PROBLEM STATEMENT:
Would you copy exactly the lines in the data below from the one that has "През последните дни" through the one that has "Use this relief", dropping any pictures?

SOURCE MATERIAL:
:::::
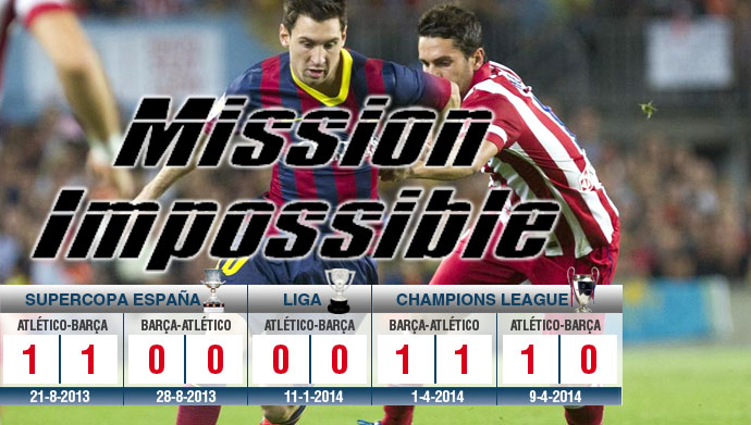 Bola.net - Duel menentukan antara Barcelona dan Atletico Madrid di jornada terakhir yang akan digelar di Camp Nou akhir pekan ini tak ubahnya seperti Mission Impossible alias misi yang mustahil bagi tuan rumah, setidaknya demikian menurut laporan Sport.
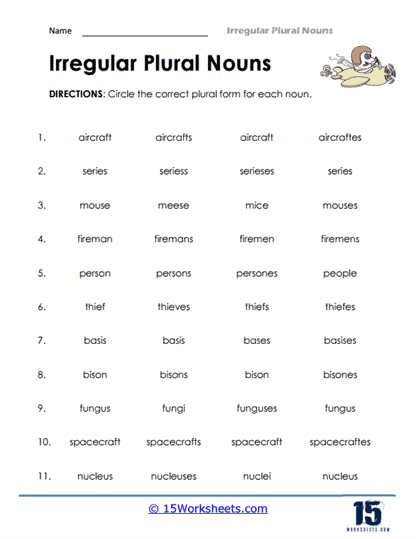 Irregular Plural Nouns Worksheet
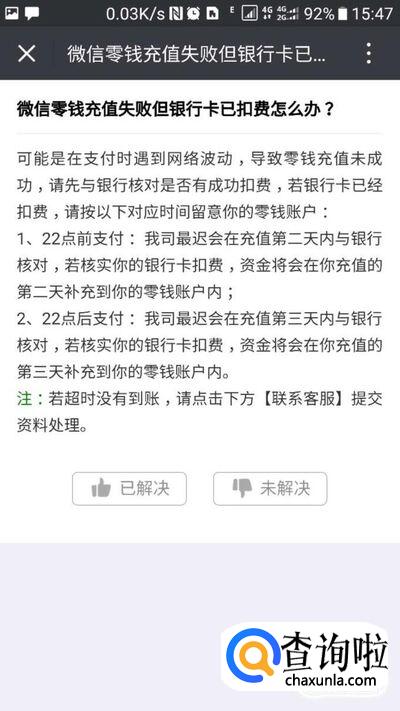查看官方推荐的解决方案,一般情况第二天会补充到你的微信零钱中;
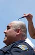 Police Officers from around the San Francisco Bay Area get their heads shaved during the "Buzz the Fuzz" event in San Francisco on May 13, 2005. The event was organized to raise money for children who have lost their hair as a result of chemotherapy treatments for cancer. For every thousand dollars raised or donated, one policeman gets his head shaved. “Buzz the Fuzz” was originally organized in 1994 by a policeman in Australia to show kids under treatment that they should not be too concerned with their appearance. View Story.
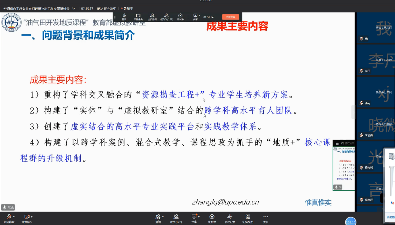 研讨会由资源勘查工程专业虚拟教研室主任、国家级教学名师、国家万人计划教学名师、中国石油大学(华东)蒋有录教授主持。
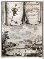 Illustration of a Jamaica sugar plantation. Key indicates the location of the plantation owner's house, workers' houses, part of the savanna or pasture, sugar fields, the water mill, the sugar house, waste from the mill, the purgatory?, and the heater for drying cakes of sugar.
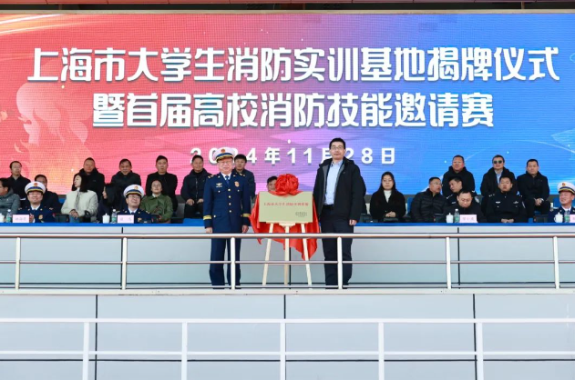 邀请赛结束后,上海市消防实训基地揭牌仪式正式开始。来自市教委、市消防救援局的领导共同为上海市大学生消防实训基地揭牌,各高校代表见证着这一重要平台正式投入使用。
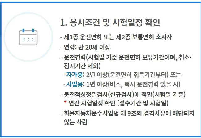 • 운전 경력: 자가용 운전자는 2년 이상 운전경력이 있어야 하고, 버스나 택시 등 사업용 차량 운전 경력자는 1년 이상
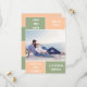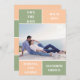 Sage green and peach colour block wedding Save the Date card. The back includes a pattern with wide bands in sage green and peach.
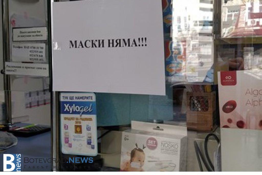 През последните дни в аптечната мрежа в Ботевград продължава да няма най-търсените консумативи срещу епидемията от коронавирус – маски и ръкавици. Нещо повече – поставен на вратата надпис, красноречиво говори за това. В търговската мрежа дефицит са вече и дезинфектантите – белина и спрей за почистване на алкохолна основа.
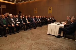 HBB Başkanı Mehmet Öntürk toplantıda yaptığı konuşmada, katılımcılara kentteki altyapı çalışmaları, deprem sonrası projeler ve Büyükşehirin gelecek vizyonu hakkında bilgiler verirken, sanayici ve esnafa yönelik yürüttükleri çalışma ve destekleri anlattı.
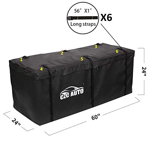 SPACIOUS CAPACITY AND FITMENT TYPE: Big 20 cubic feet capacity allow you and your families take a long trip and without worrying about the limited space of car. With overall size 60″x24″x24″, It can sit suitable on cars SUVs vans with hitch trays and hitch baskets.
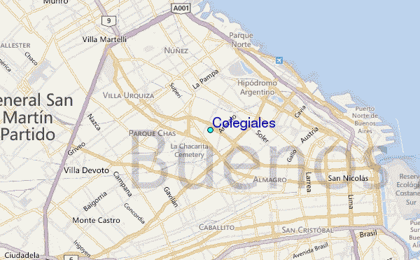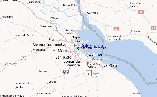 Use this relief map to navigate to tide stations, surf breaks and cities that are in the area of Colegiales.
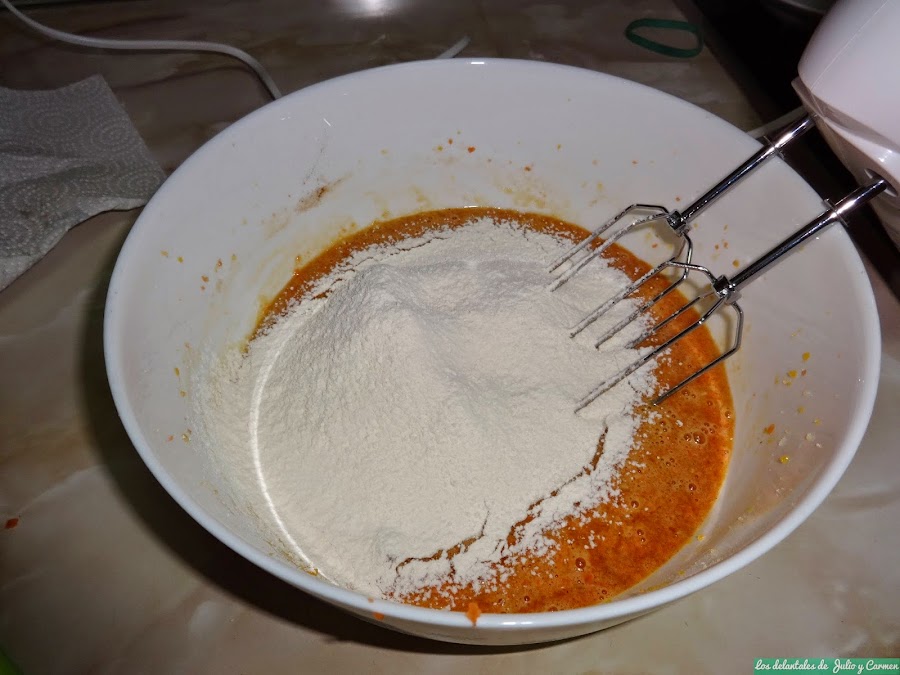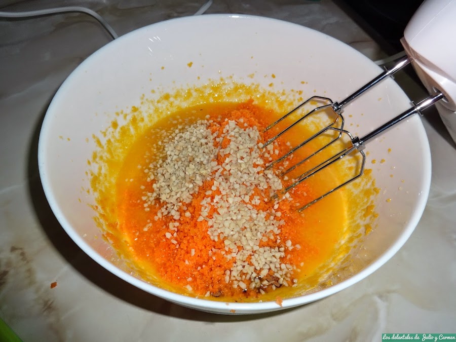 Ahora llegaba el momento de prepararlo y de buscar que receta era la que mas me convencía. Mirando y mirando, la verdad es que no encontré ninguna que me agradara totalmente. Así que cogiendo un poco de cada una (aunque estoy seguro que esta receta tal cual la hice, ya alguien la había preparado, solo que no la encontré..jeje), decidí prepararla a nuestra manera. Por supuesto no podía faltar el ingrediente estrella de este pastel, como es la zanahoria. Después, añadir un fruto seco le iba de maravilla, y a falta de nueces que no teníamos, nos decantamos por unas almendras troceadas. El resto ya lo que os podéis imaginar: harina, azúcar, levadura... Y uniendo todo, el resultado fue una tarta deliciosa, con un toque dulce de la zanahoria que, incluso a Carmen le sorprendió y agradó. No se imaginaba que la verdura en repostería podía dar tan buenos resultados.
:::::
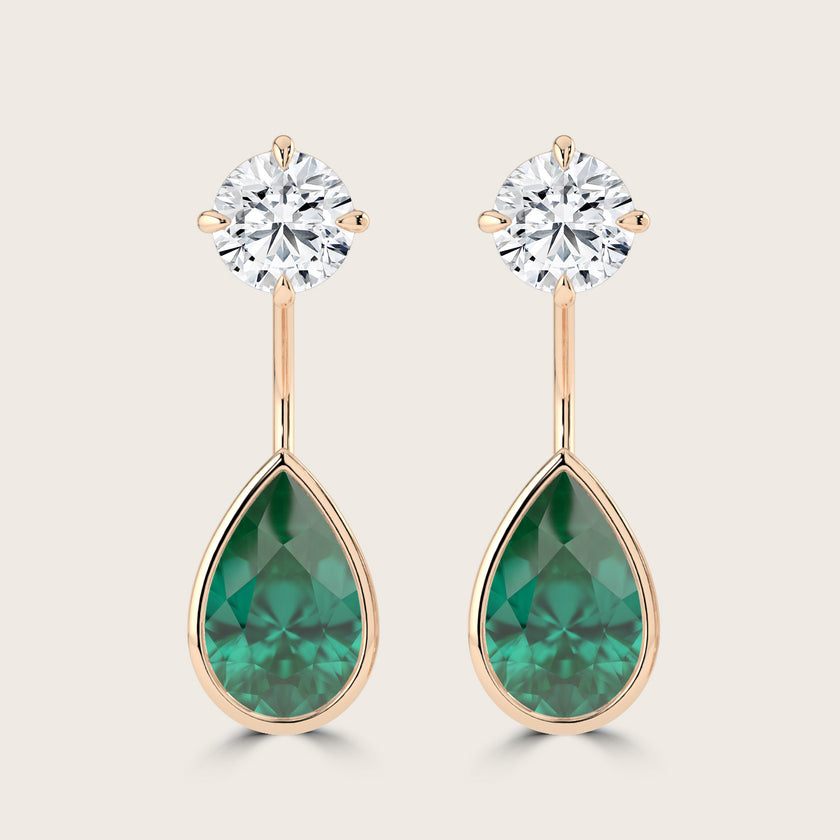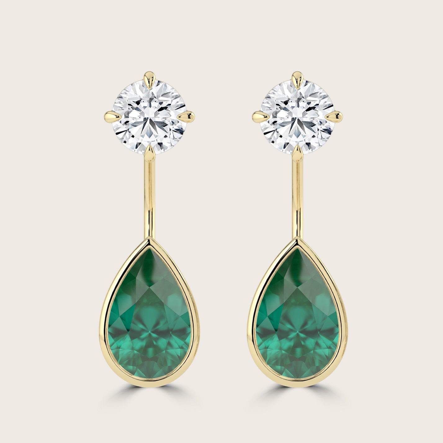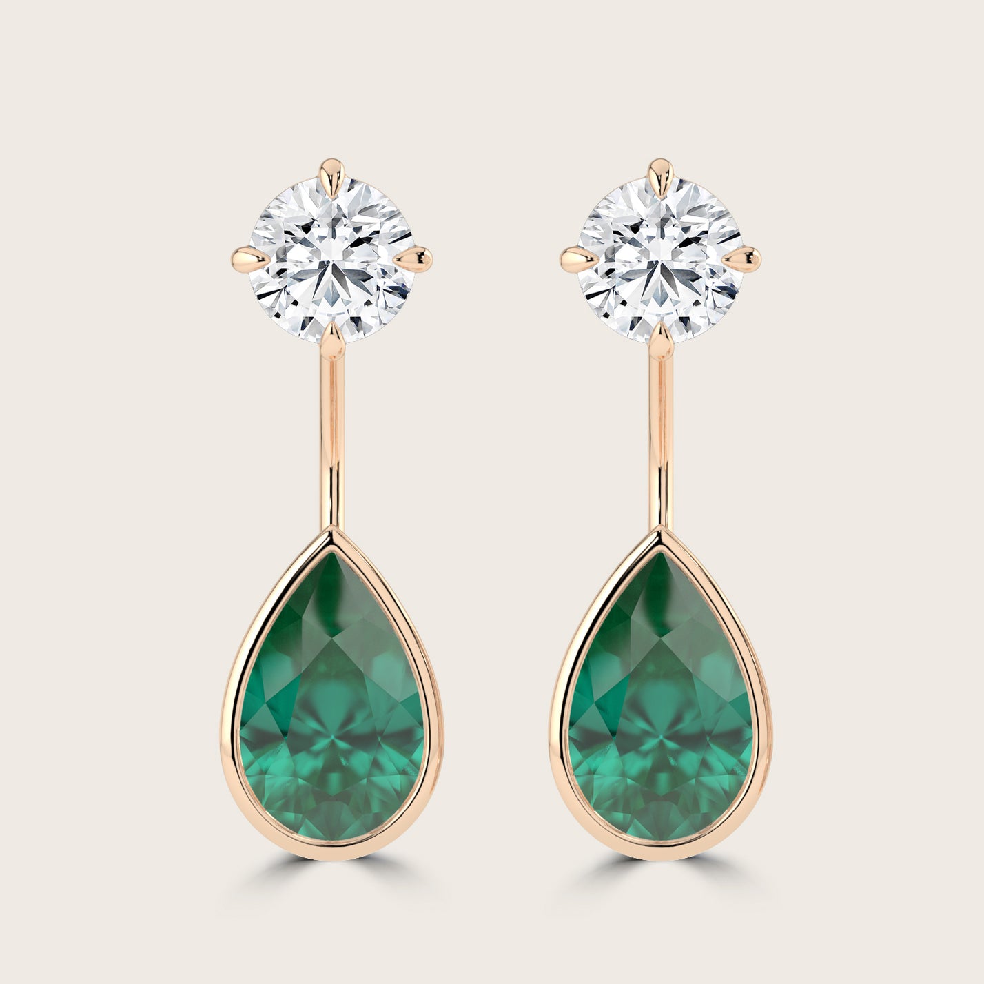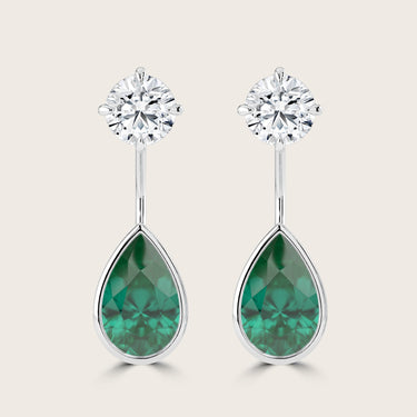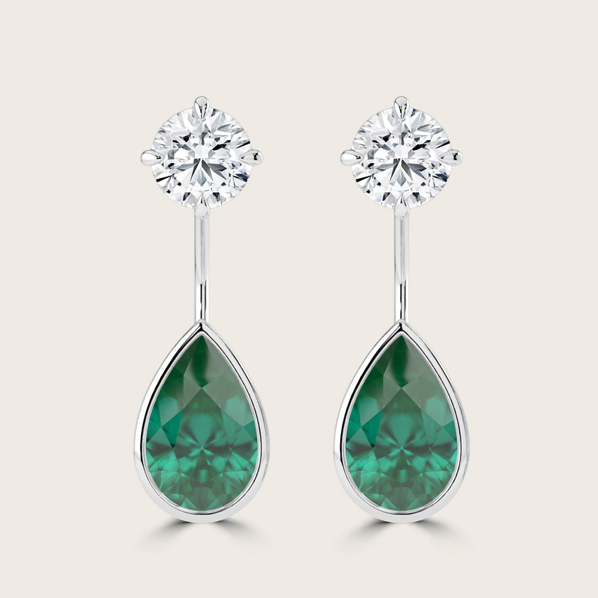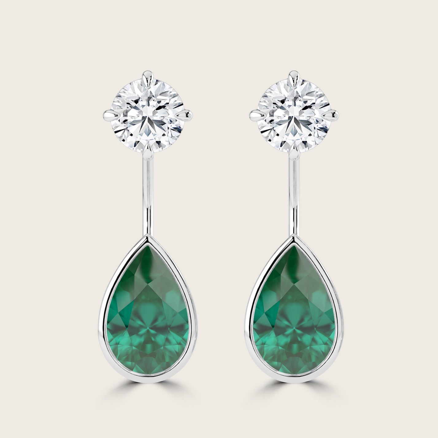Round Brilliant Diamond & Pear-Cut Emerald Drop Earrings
:::::
SOLUTION FOR THIS PROBLEM:
 През последните дни в аптечната мрежа в Ботевград продължава да няма най-търсените консумативи срещу епидемията от коронавирус – маски и ръкавици. Нещо повече – поставен на вратата надпис, красноречиво говори за това. В търговската мрежа дефицит са вече и дезинфектантите – белина и спрей за почистване на алкохолна основа.
 HBB Başkanı Mehmet Öntürk toplantıda yaptığı konuşmada, katılımcılara kentteki altyapı çalışmaları, deprem sonrası projeler ve Büyükşehirin gelecek vizyonu hakkında bilgiler verirken, sanayici ve esnafa yönelik yürüttükleri çalışma ve destekleri anlattı.
 SPACIOUS CAPACITY AND FITMENT TYPE: Big 20 cubic feet capacity allow you and your families take a long trip and without worrying about the limited space of car. With overall size 60″x24″x24″, It can sit suitable on cars SUVs vans with hitch trays and hitch baskets.
 Use this relief map to navigate to tide stations, surf breaks and cities that are in the area of Colegiales.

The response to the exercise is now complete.